> **WHAT THE EXERCISE ASKS**
All the lines below should be set down exactly, with no picture carried into the copy.

> **GIVEN INFORMATION**
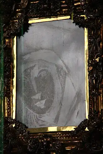 De bedevaart gaat terug op een gebeurtenis op 17 januari 1797, toen er volgens het oudste document over het genadebeeld op een raam van een boerenwoning een niet door mensenhanden getekende afbeelding van een vrouwenhoofd verscheen. Het was de 18-jarige dochter van het boerengezin, Rosina Bucher, die de afbeelding als eerste ontdekte. De afbeelding heeft geen kleuren, lijkt op een kopergravure en werd direct als een beeltenis van de Heilige Maagd geïdentificeerd. De afbeelding bleef na de ontdekking zichtbaar, dag en nacht en ongeacht of de kamer nu verwarmd of onverwarmd was. Zelfs nadat het raam aan beide zijden werd gewassen en weer schoon leek, verscheen er even later in het midden van het raam een kleine vlek, die zich uitbreidde over de rest van het raam totdat de beeltenis van Maria weer volledig hersteld was. Het wegwassen en terugkomen van de beeltenis herhaalde zich nadat op verzoek van de familie verschillende geestelijken dit verschijnsel met eigen ogen kwamen vaststellen. Nadat pelgrims en nieuwsgierigen uit omliggende plaatsen naar de beeltenis kwamen, werd het raam ingepakt, verzegeld en naar Innsbruck verzonden om door een sceptische commissie te worden onderzocht. Op 24 maart 1797 keerde het raam ten slotte naar Absam terug en onder het luiden van klokken in processie naar de kerk gebracht. Sindsdien wordt het miraculeuze raam als een genadebeeld in de kerk vereerd. Buiten werd boven het portaal een kopie van de afbeelding aangebracht.[1][2]
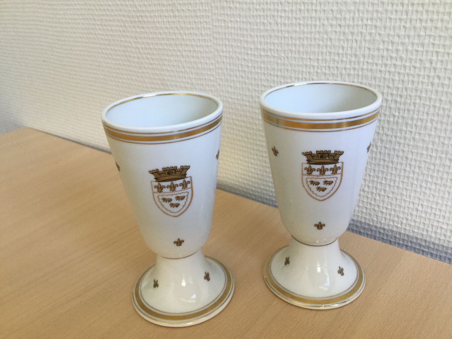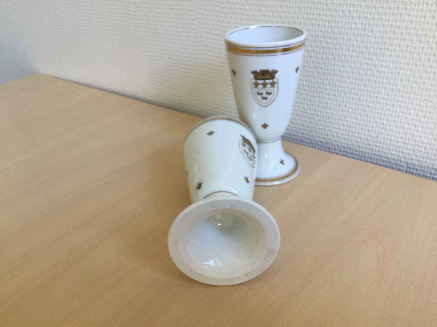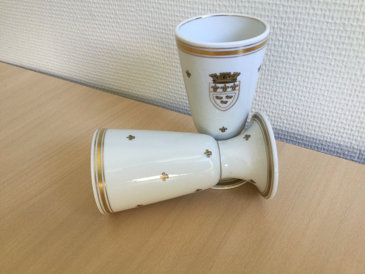 Porcelæn dekoreret med guld våbenskjold og guld franske liljer.
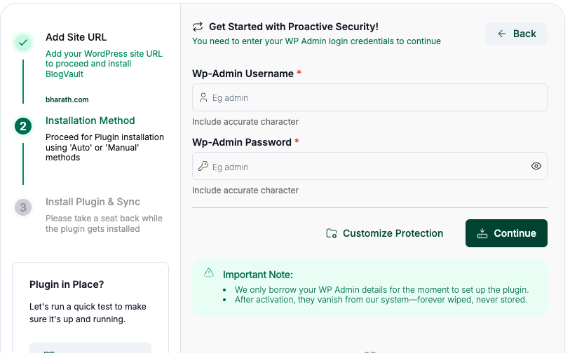 Note: These credentials allow BlogVault to securely install our plugin on the website automatically.
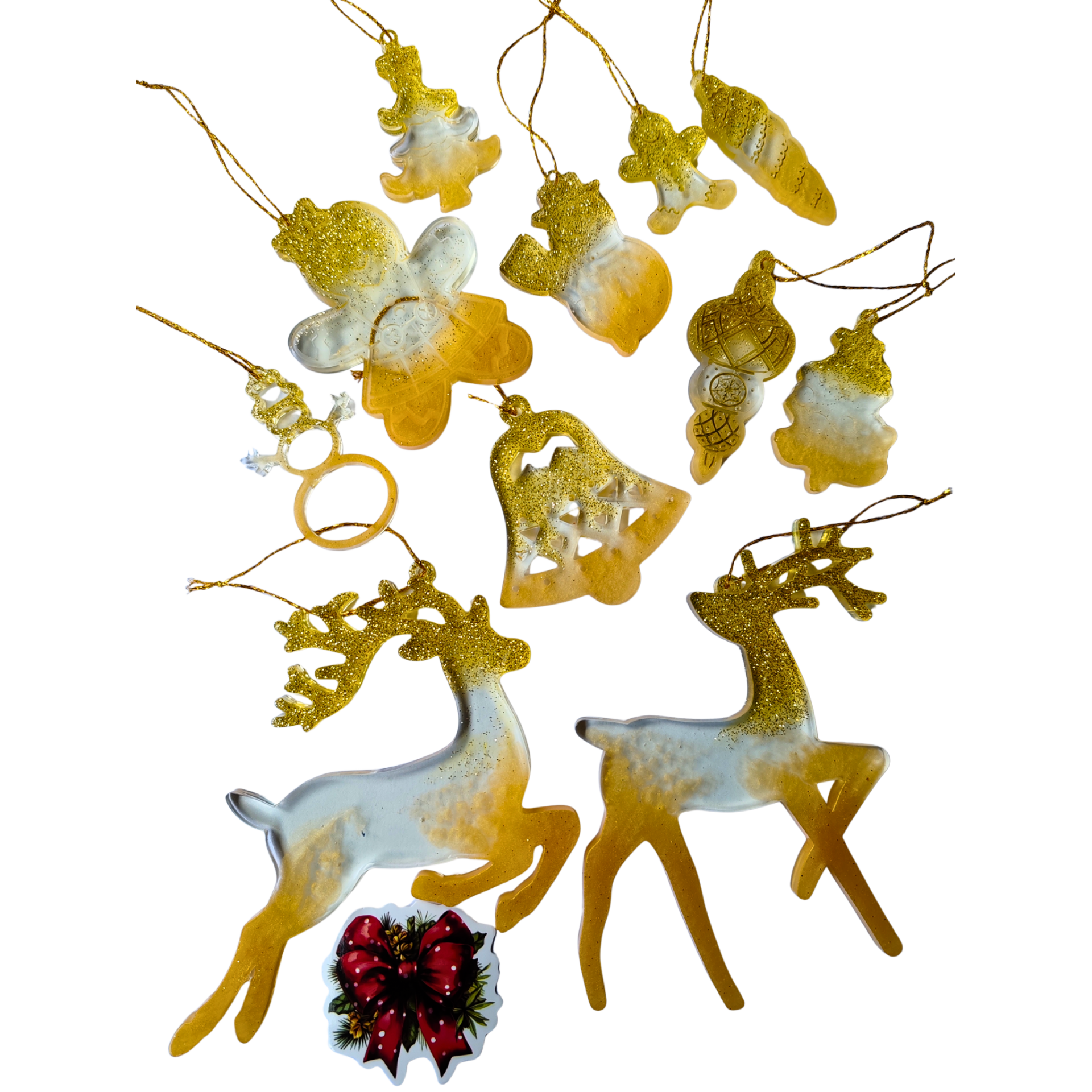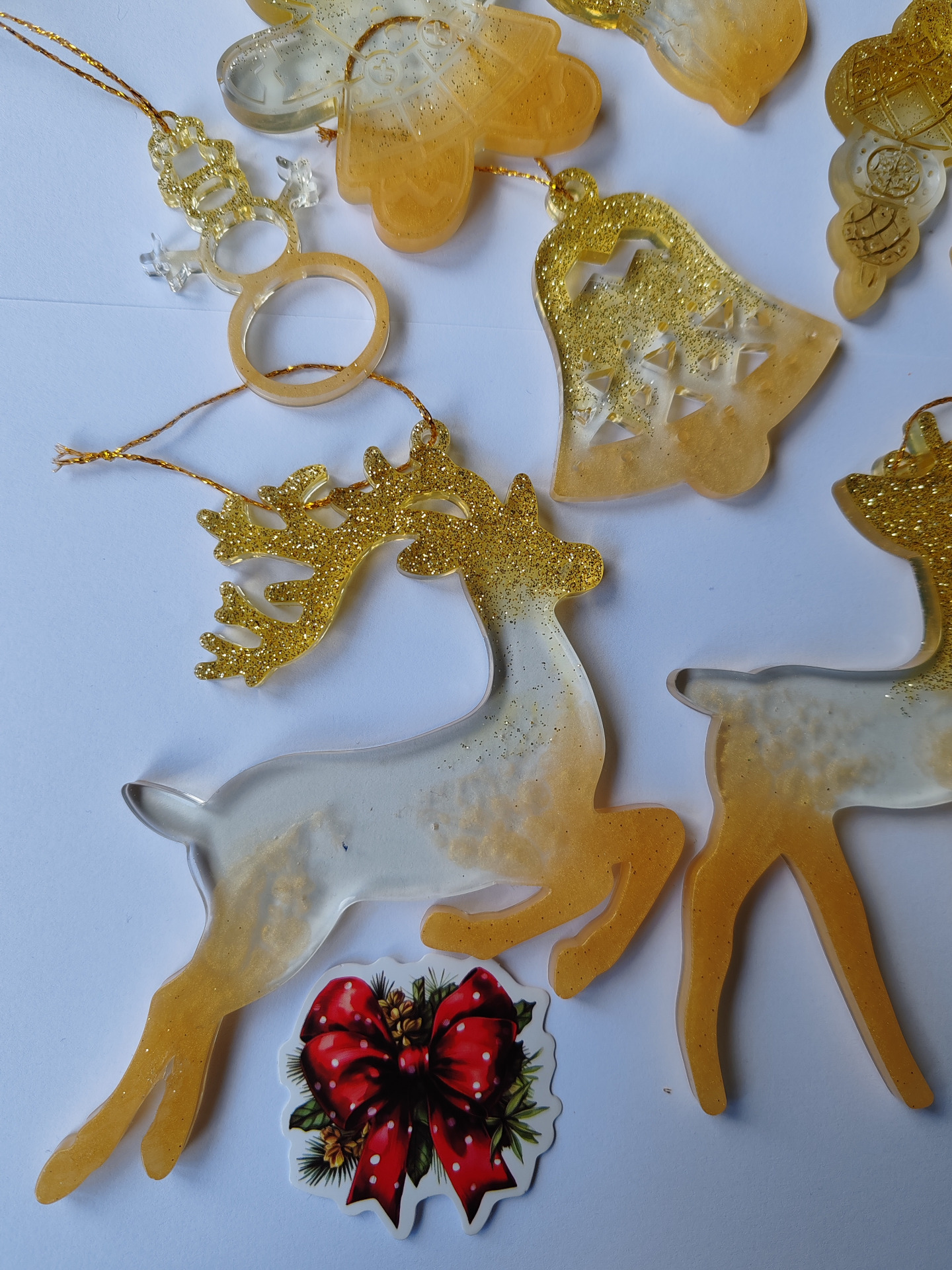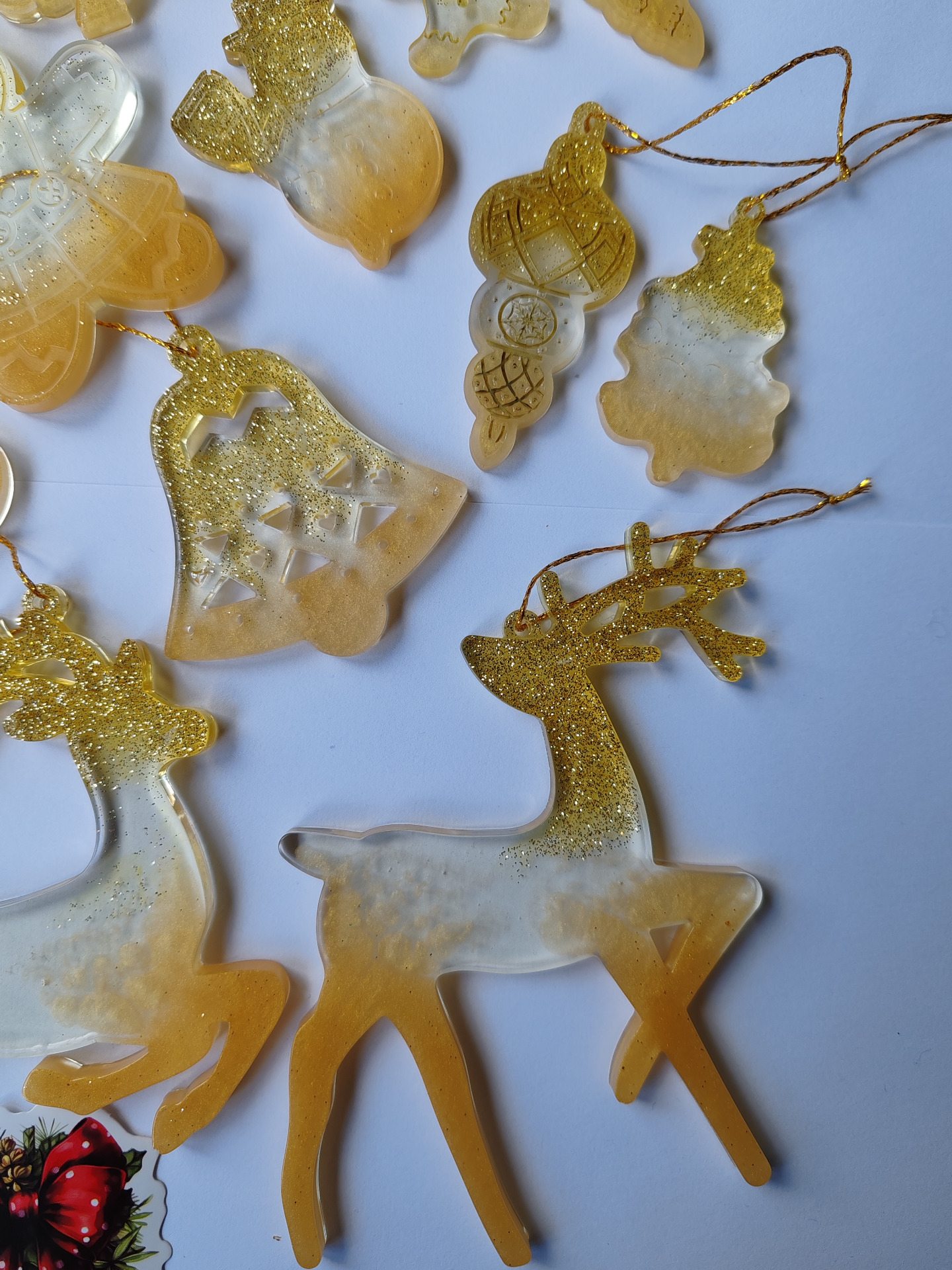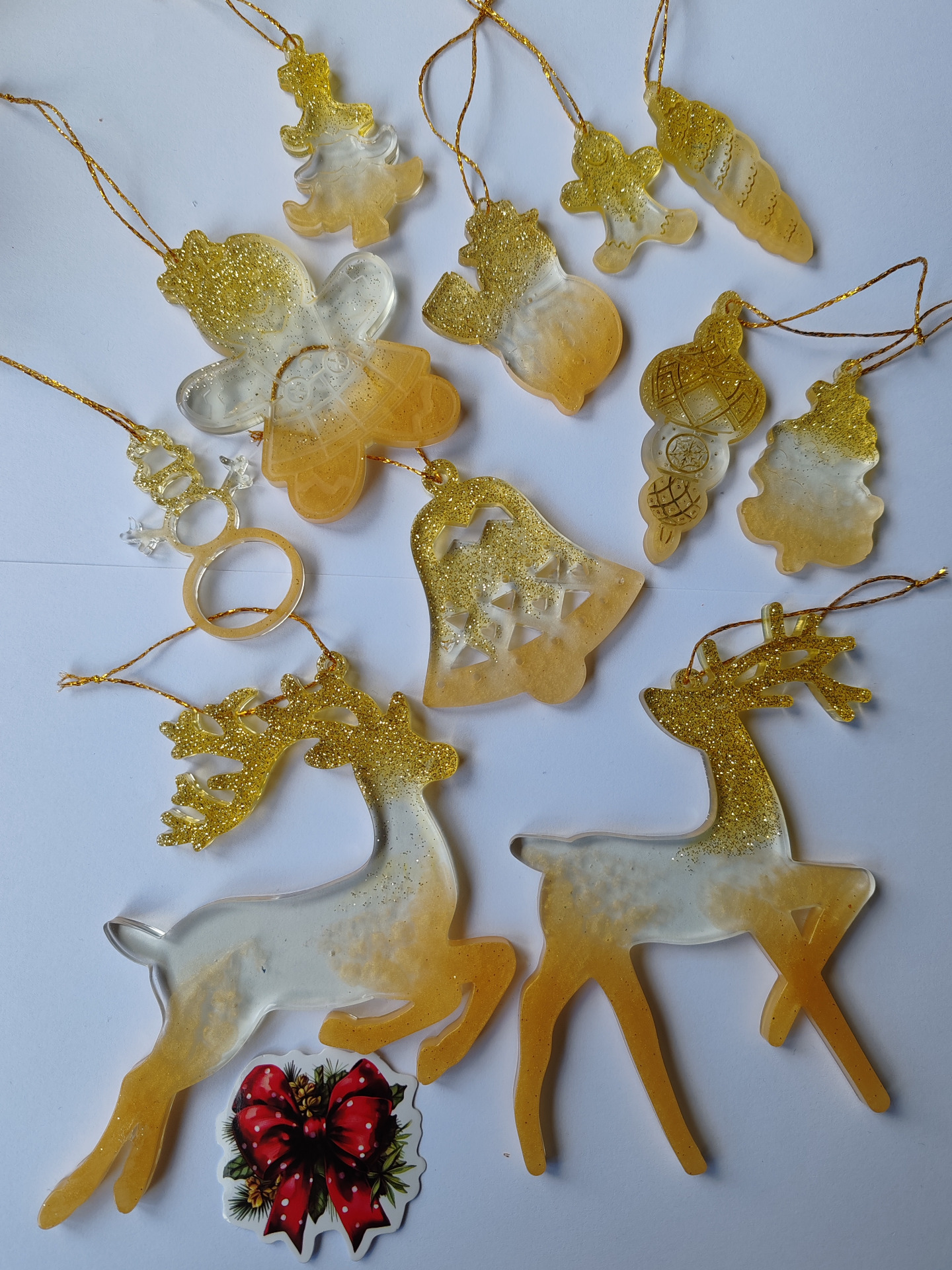 Krásná pryskyřicová sada ozdob na vánoční stroměček, ozdoby jsou krásné a třpytivé včetně provázku na zavěšení na stromeček. Každá sada je originál a nikdy není stejná. Rozjasněte svůj stromeček o originální ozdoby, nebo darujte sadu jako krásný dárek. Ozdoby jsou z pryskyřice ale jsou stále trochu ohebné a minimálně lepivé, zohledněno v ceně, dodělávány byly UV pryskyřicí, proto je jedna strana krásně lesklá. Může obsahovat nějaké bublinky či nedokonalosti. Tvořeno s láskou a pečlivostí.

> **RESULT FOR THIS EXERCISE**
 De bedevaart gaat terug op een gebeurtenis op 17 januari 1797, toen er volgens het oudste document over het genadebeeld op een raam van een boerenwoning een niet door mensenhanden getekende afbeelding van een vrouwenhoofd verscheen. Het was de 18-jarige dochter van het boerengezin, Rosina Bucher, die de afbeelding als eerste ontdekte. De afbeelding heeft geen kleuren, lijkt op een kopergravure en werd direct als een beeltenis van de Heilige Maagd geïdentificeerd. De afbeelding bleef na de ontdekking zichtbaar, dag en nacht en ongeacht of de kamer nu verwarmd of onverwarmd was. Zelfs nadat het raam aan beide zijden werd gewassen en weer schoon leek, verscheen er even later in het midden van het raam een kleine vlek, die zich uitbreidde over de rest van het raam totdat de beeltenis van Maria weer volledig hersteld was. Het wegwassen en terugkomen van de beeltenis herhaalde zich nadat op verzoek van de familie verschillende geestelijken dit verschijnsel met eigen ogen kwamen vaststellen. Nadat pelgrims en nieuwsgierigen uit omliggende plaatsen naar de beeltenis kwamen, werd het raam ingepakt, verzegeld en naar Innsbruck verzonden om door een sceptische commissie te worden onderzocht. Op 24 maart 1797 keerde het raam ten slotte naar Absam terug en onder het luiden van klokken in processie naar de kerk gebracht. Sindsdien wordt het miraculeuze raam als een genadebeeld in de kerk vereerd. Buiten werd boven het portaal een kopie van de afbeelding aangebracht.[1][2]
 Porcelæn dekoreret med guld våbenskjold og guld franske liljer.
 Note: These credentials allow BlogVault to securely install our plugin on the website automatically.
 Krásná pryskyřicová sada ozdob na vánoční stroměček, ozdoby jsou krásné a třpytivé včetně provázku na zavěšení na stromeček. Každá sada je originál a nikdy není stejná. Rozjasněte svůj stromeček o originální ozdoby, nebo darujte sadu jako krásný dárek. Ozdoby jsou z pryskyřice ale jsou stále trochu ohebné a minimálně lepivé, zohledněno v ceně, dodělávány byly UV pryskyřicí, proto je jedna strana krásně lesklá. Může obsahovat nějaké bublinky či nedokonalosti. Tvořeno s láskou a pečlivostí.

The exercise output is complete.